Jeers to the FAA for the continuing budget and timetable problems with the En Route Automation Modernization program, a vital precursor to the NextGen air traffic management architecture, and to EU member states for their appalling lack of progress in implementing the Single European Sky to cut ATM costs and airline emissions. And jeers to lackadaisical civil aviation authorities of Indonesia and the Philippines for failing to get their respective countries off air safety blacklists.

Jeers, jeers and more jeers to the 112th U.S. Congress, the most partisan—and dysfunctional—in recent memory. In refusing to compromise on raising taxes or reining-in unaffordable entitlements, lawmakers have left the Pentagon facing $1 trillion in automatic budget cuts.

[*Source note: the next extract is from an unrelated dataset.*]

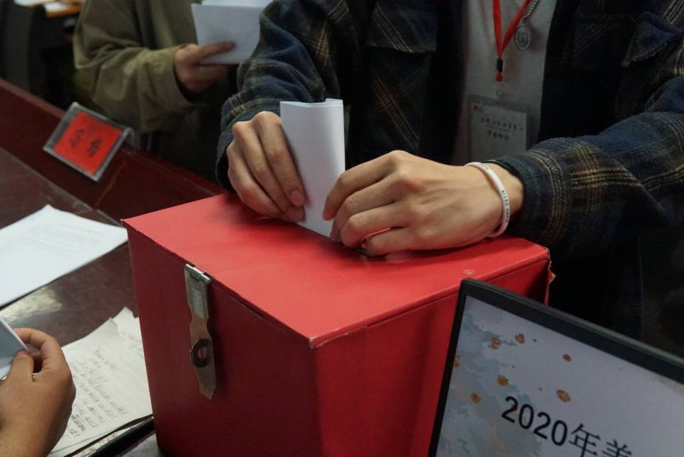 晚上7点,大会准时开始,由19级各部门的部长候选人进行发言,表明他们留任的理由和优势,表示身为学生会的成员会做好自己的本职工作。接下来是18级主席候选人讲话,发表了他们身为部长对下一届部长的期望和竞选主席的决心,学工办主任左玉洁表示希望可以选出一支更加精湛的队伍。发言完毕后,在场学生会干部秉承着以公平公正的原则进入投票环节。最后由17级学生会主席代表发言,希望下一届的主席、部长及20级干事加强自己的思想作风,努力提高自身的综合素质,做事尽职尽责,加强团队凝聚力。大会最后,由左玉洁老师给上一届主席和部长颁发聘书,并代表学校肯定了他们工作态度,并激励新一届的干部们更加努力热情的投入工作之中。

In a remarkable focus on the fine points while ignoring the big picture, Congress continued to insist on funding weapons systems year-to-year, making programs less efficient, and then failed to pass defense appropriations bills in a timely manner.

Spreading its collateral damage to the civil side of aviation, Congress continues to fail in its responsibility to craft a long-term funding plan for the FAA, a dereliction of duty that dates to 2007. By failing at one point to pass yet another temporary funding extension, lawmakers put 4,000 civilian workers and 70,000 others in airport-related construction out of work for weeks over the dispute about funding the FAA. Then lawmakers left Washington for a five-week summer vacation. But cheers go to airport inspectors who kept working without pay and even dug into their own pockets to cover travel expenses.

To end on a literally and figuratively uplifting note, we cheer the Veterans Airlift Command, the organization that provides free air transportation to wounded U.S. veterans and their families for medical care through a national network of volunteer aircraft owners and pilots.